━━━━━ Data excerpt
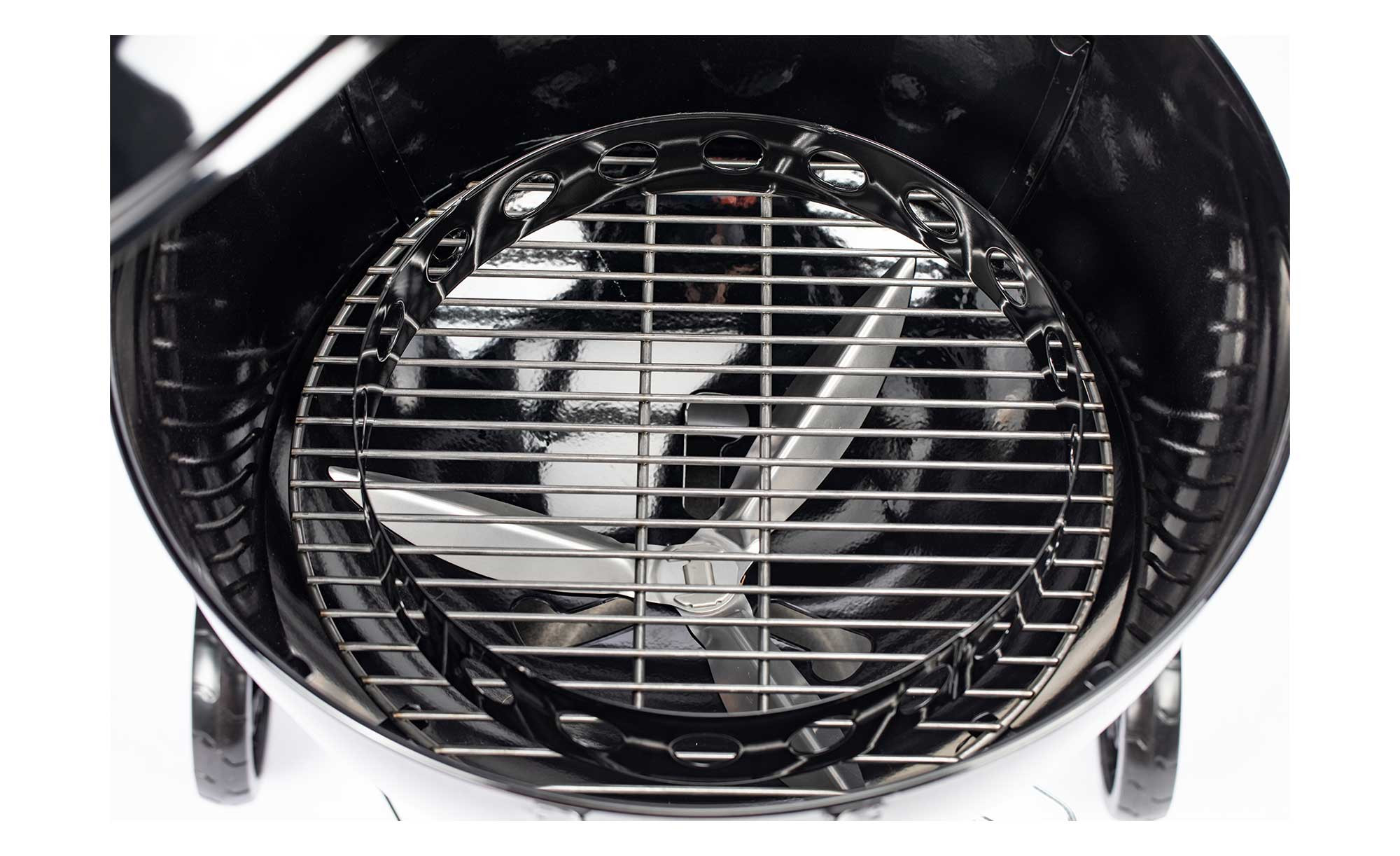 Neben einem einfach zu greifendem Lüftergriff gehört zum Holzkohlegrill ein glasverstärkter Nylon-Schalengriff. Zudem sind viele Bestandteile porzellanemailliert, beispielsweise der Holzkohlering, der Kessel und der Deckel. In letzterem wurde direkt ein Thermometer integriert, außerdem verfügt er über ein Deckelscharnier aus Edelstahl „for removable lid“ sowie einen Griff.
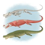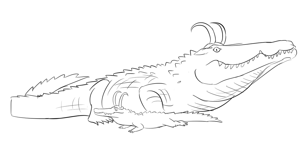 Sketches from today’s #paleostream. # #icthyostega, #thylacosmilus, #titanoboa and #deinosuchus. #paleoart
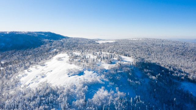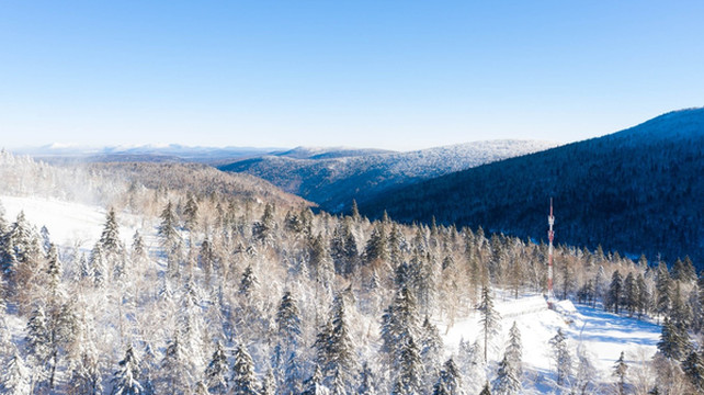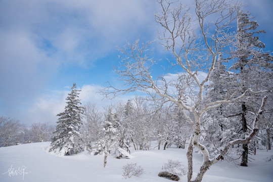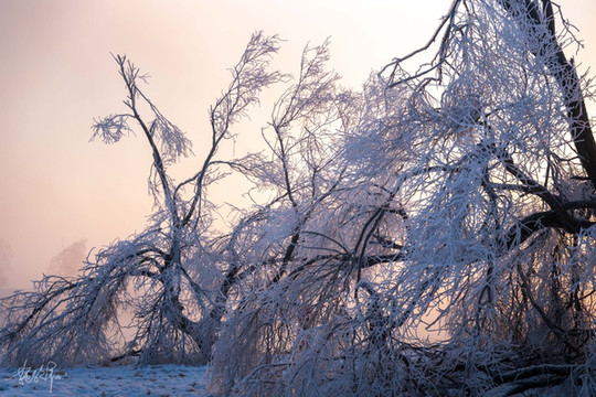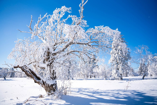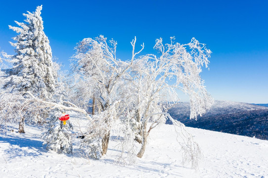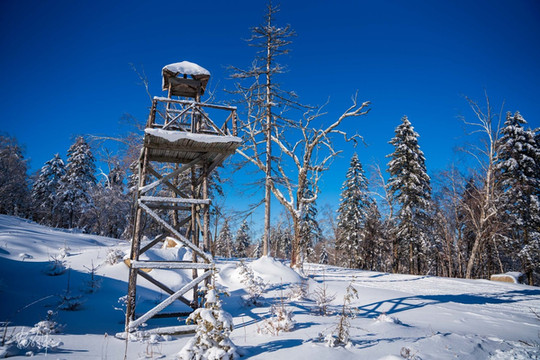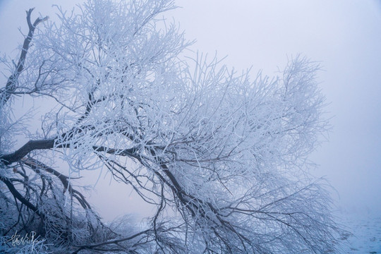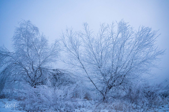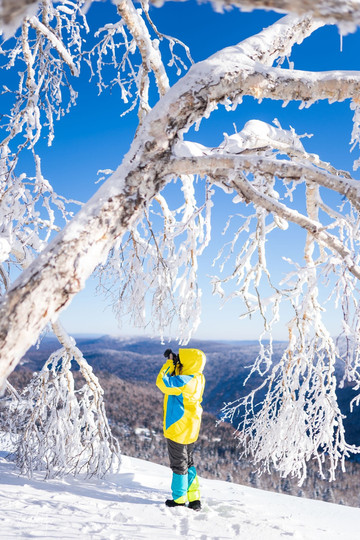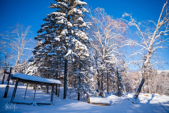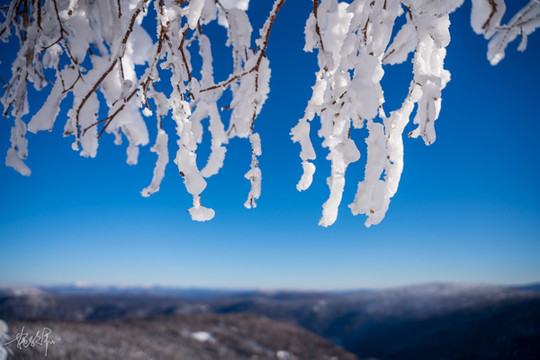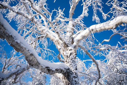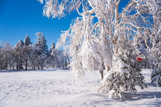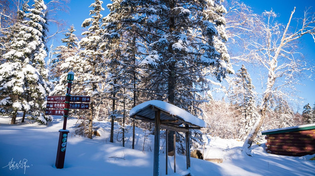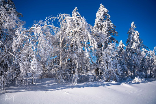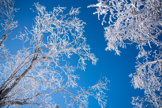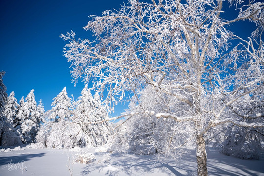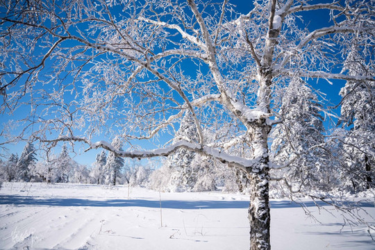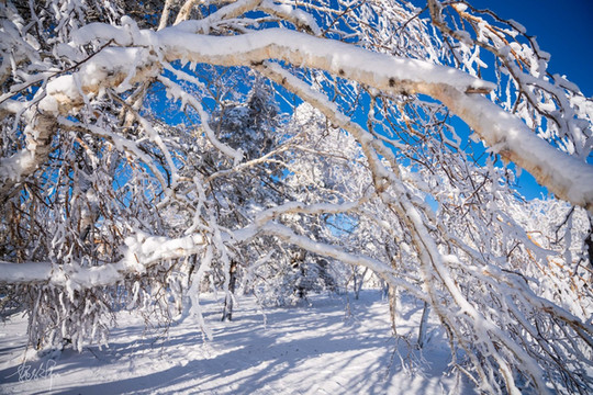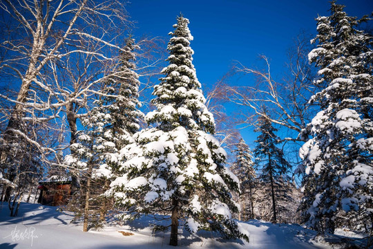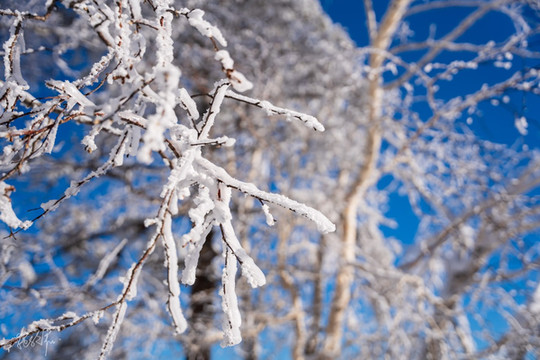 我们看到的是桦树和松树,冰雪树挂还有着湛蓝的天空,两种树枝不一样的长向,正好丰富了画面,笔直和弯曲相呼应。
━━━━━━━━━━
[Task to carry out]: With images omitted, output the data exactly as given.

[Task output]:
 Neben einem einfach zu greifendem Lüftergriff gehört zum Holzkohlegrill ein glasverstärkter Nylon-Schalengriff. Zudem sind viele Bestandteile porzellanemailliert, beispielsweise der Holzkohlering, der Kessel und der Deckel. In letzterem wurde direkt ein Thermometer integriert, außerdem verfügt er über ein Deckelscharnier aus Edelstahl „for removable lid“ sowie einen Griff.
 Sketches from today’s #paleostream. # #icthyostega, #thylacosmilus, #titanoboa and #deinosuchus. #paleoart
 我们看到的是桦树和松树,冰雪树挂还有着湛蓝的天空,两种树枝不一样的长向,正好丰富了画面,笔直和弯曲相呼应。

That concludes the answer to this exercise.